Re-Valuing, Appropriating, and Valorising Electronic Waste in Tanzania
[Abstract] Even in a globalized economy, it can be revealing to take a close look at the specific way in which people deal with discarded objects. An ethnographic account of scrap dealers, e-waste workshops and the social role of tea kitchens in Dar es Salaam, Tanzania highlights how informal labour relations contain important insights for a potentially more sustainable future.
The planet has entered a period where traces left by humans can be witnessed almost everywhere. Waste is one of the most distinctive marks left by human activities on earth. Waste produced by humans can be found even in the most remote areas – at the bottom of the sea, in arctic regions or deep in tropical forests. Economies and daily lives are connected to waste – its production, sorting, reusing, and recycling, or removal from sight.1
The number and variety of electronic devices in circulation today is as commonplace as it is daunting, with households, workplaces and daily lives dependent on electronic devices. Plug-in toasters and kettles are used to prepare breakfast; offices are organised around computers and printers; cars run on batteries, and meetings are held via conference calls, emails, or short message services. Electronics are viewed as markers of progress, symbolizing human control over time, distance and space. More importantly, they have become an essential part of ourselves, perhaps to the extent that they can be considered as cyborg prostheses.2
However, these electronics have limited lifespans, and with them, streams of waste are emerging that affect the planet and regions of the world in uneven ways.3 In 2020, 55.5 million Mt of e-waste were produced globally, an increase of 1.9 million Mt from 52.6 million Mt in 2019. This number is expected to reach 74.7 million Mt by 2030.4
New electronic technologies and products are constantly being introduced to the market, and people, especially in wealthy countries, are encouraged by unique and better models and marketing strategies to keep switching to new devices and discarding older ones. Consumption is intertwined with the need to constantly acquire new products and increased rates of waste production.5 Consumption has also been accelerated by the availability of a wide variety of goods in the market, to the extent that even moral values, like repairing and taking care of things, are at the margins of consumer considerations.6 These factors have increased consumers’ excitement for acquiring newer gadgets, alienating them from the very products they buy and creating personal ‹ inner impoverishment › or inner hunger.7
As more electronics are bought and discarded, they have to go away, BUT not into ‹ our › backyards.8 They must end up somewhere, in the ‹ wastelands ›9 or the domiciles of ‹ wasted lives ›10. In many cases, these places are in the least developed countries. While electronic devices might hold no or low value in the Western world, they emerge in remarkable ways and enter new assemblages of relations in the Global South.

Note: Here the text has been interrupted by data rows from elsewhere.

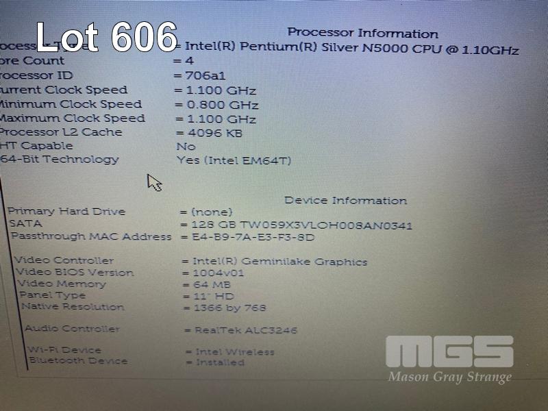 LAPTOP, DELL LATITUDE 3190, PENTIUM SILVER N5000 @ 1.1GHz, 4GB DDR4 RAM, 128GB M.2 SSD, 11.6" WIDESCREEN (1366x768), INTEL UHD GRAPHICS 605, Wi-Fi, BLUETOOTH, WINDOWS 11 PRO EDUCATION INSTALLED & POWER SUPPLY (NOTE: NOT DETECTING BATTERY, MISSING WINDOWS KEY) S/N:D1566S2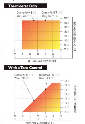 Without a Taco Outdoor Reset Control, your heating system does not know if it is a cool autumn night or the coldest winter day. Therefore it works as if it's always the coldest day of the year and heats the water to a maximum temperature. By adding a Taco Outdoor Reset Control that works alongside your boiler and thermostat, you may see energy savings of up to 30%. The lower the heating system water temperature, the more fuel you save.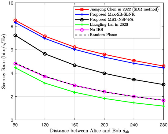 Figure 4. Secrecy rate versus the distance between Alice and Bob.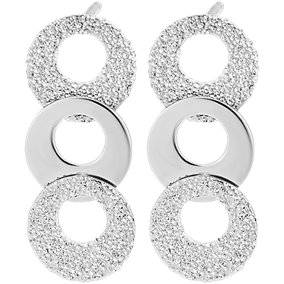 A pair of decidedly modern white gold stud earrings. Adorned with a motif of 3 interconnected circles, two in textured gold - diamond effect - and one polished. Love at first sight guaranteed.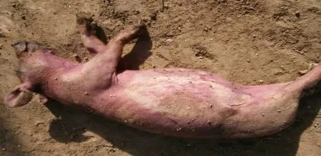 如豬隻全身皮膚出現發紅發紫現象,一般是細菌、病毒、原蟲等混合感染引起的全身性敗血症的特征。如非洲豬瘟、豬瘟、弓形體、附紅細胞體、敗血性鍊球菌等。這些疾病一般會伴發反複發燒,精神萎靡等症狀。治療一邊用瘟毒齊抗+鹽酸頭孢噻呋混合肌注,一邊肌注幹擾素,高燒者加注高免熱毒血清;飼料中添加闆清顆粒,飲水中添加綠益态+維生素C,連用5–7天,治療及時、病狀較輕者能夠挽救。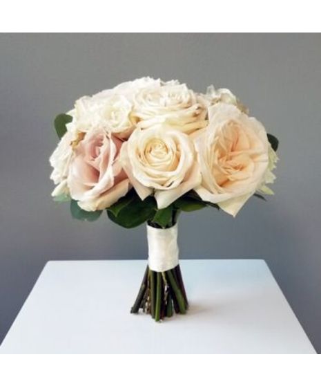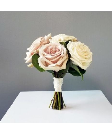 A gorgeous classically styled bouquet featuring a blend of cream and blush roses, vibrant greenery, and other textures, hand-tied with a ribbon wrapped stem. Perfect for destination weddings, courthouse surprises, and romantic elopements.(No Vase Included)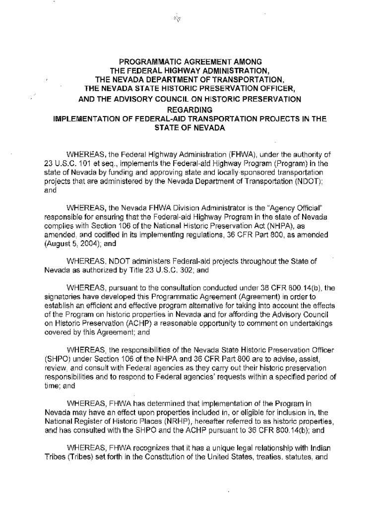 PROGRAMMATIC AGREEMENT AMONG THE FEDERAL HIGHWAY ADMINISTRATION, THE NEVADA DEPARTMENT OF TRANSPORTATION, THE NEVADA STATE HISTORIC PRESERVATION OFFICER, AND THE ADVISORY COUNCIL ON HISTORIC PRESERVATION
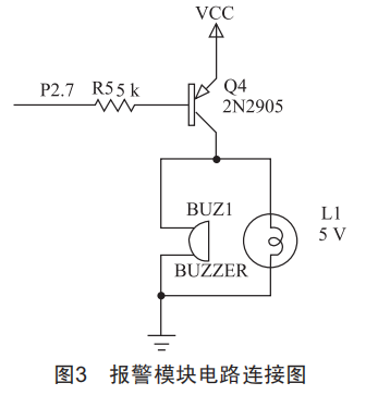 本設(shè)計(jì)采用的報(bào)警電路如圖3所示,主要由三極管、蜂鳴器和指示燈組成。當(dāng)溫度傳感器檢測到溫度超出10~30℃的區(qū)間時(shí),單片機(jī)I/o口輸出電流,在上拉電阻的作用下使三極管導(dǎo)通,蜂鳴器和指示燈得電示警。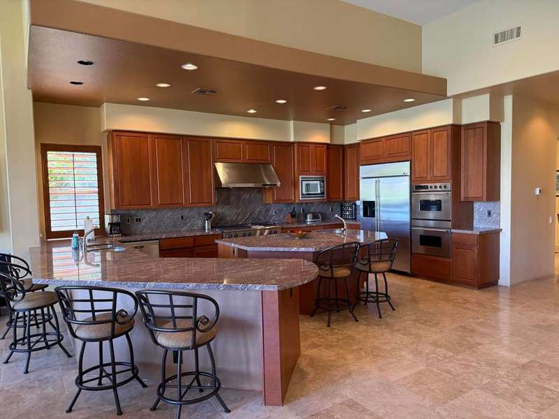 RENT Jan-Feb-March-April 2025. RENTED Jan-Feb-March-April 2026. AVAILABLE all other months. The view says it all. Breathtaking mountain, lake, golf course views. You have your own putting green. There is a fireplace and Built in BBQ. This beautiful Luxury home is west facing on the 18th green. Perfect home for entertaining your guests. All bedrooms are on suites. One is a private casita with its own fireplace & kitchenette. Prices very NOV-DEC- $11,500. JAN-FEB-MARCH $13,000. APRIL 14,000- MAY-JUNE-SEPT-OCT $10,000. JULY-AUGUST $8000.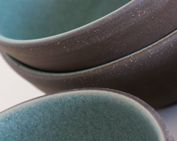 Each of our pieces are made up of a clay body and a glaze — this is the best way to think about how you’ll build your collection. When the clay and glaze are combined, you’ll see there is often a unique end result. (For example, if you have a thin glaze on a dark clay, you’re going to see more of the clay beneath the glaze, which causes the glaze to have a slightly darker, earthier tone.) It’s part of what makes handmade ceramics special, but it’s also something to be aware of when you’re shopping.

In 2019, the world produced 53.6 million metric tonnes (Mt) of e-waste, a 21 % increase in five years. Seven to 20 % of the amount produced in 2019 is estimated to have been exported for second-hand use to developing countries where demand for technologies is higher but purchasing power of the majority is lower in relation to prices of new products.

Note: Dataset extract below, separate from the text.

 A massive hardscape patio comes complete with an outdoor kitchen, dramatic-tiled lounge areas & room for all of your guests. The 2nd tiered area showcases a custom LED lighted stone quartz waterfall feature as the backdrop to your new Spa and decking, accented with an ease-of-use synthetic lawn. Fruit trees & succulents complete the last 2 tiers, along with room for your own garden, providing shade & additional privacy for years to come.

However, when e-waste arrives in the global south, « informal » recyclers ingeniously, creatively, and innovatively create new value assemblages. Although these informal value-recovering practices are zig-zag conglomerates, they surprisingly provide ‹ coherences, interfaces, and connections › of value-regenerating activities that help people address the challenges of daily life while feeding back into local and global value chains.11 Hence, e-waste becomes more than just ‹ waste › or ‹ disorder ›.12 Instead, e-waste enters and converges into news sociocultural and economic networks. Since these globalised streams of waste are unjust and oppressive, it is insightful to look closely at and study specific examples, as such local dealings may hold solutions to a global problem.
The workshop
In October 2018, seven months after starting my field research in Dar es Salaam, Tanzania, I was introduced to a workshop known as Mahakama Ya Friji. The name Mahakama Ya Friji reflects the activities at this place. Most of the informal e-waste recycling activities in Dar es Salaam are conducted on corners and in backyards around the city. I remember my first day at the workshop. From a distance, a building fully covered with corrugated iron sheeting was visible, with piles of scrap materials scattered around it, from which banging noises, loud voices and smoke emanated. Standing a few metres from the entrance to wait for my host George, a charcoal stove artisan and one of the workshop leaders, I saw men sitting on old car seats with pieces of rail between their feet and hammers in their hands. As they hammered away, I could attribute the sounds I had heard metres away while approaching the workshop.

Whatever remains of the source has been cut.